• Task:
Pictures are to be omitted. Output only the lines from the one containing "2 т 8ц ... 2" through the end of the data, word for word.

• Exercise data:
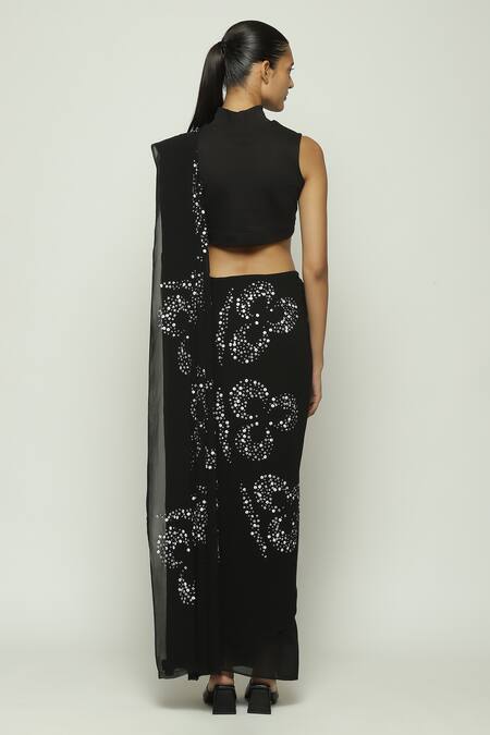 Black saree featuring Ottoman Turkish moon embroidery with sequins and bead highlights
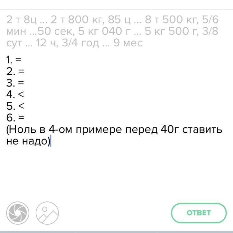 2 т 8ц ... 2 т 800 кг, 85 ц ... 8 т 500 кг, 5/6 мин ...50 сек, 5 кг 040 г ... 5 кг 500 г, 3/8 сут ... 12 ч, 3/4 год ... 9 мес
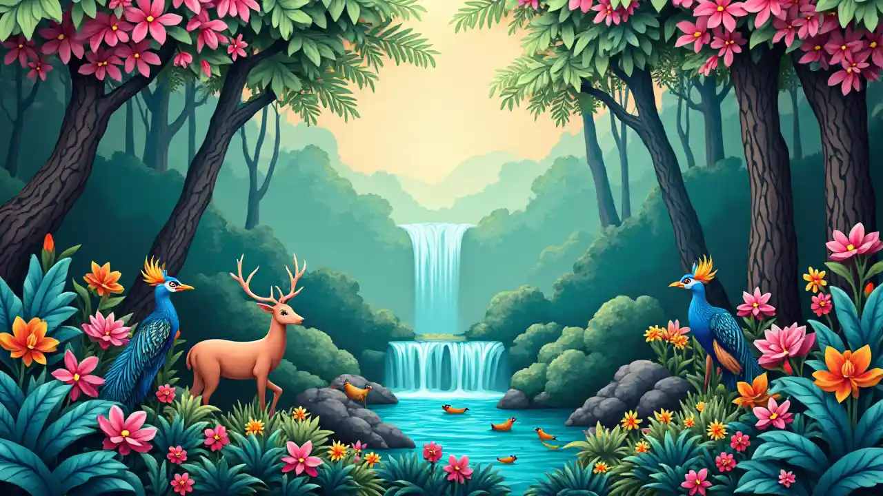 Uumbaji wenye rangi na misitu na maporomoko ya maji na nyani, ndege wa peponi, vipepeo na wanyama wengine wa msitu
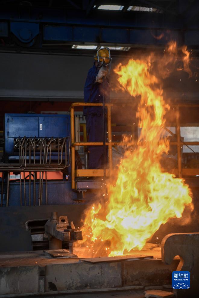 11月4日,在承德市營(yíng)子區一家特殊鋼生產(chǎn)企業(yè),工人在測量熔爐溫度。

• Solution to this problem:
 2 т 8ц ... 2 т 800 кг, 85 ц ... 8 т 500 кг, 5/6 мин ...50 сек, 5 кг 040 г ... 5 кг 500 г, 3/8 сут ... 12 ч, 3/4 год ... 9 мес
 Uumbaji wenye rangi na misitu na maporomoko ya maji na nyani, ndege wa peponi, vipepeo na wanyama wengine wa msitu
 11月4日,在承德市營(yíng)子區一家特殊鋼生產(chǎn)企業(yè),工人在測量熔爐溫度。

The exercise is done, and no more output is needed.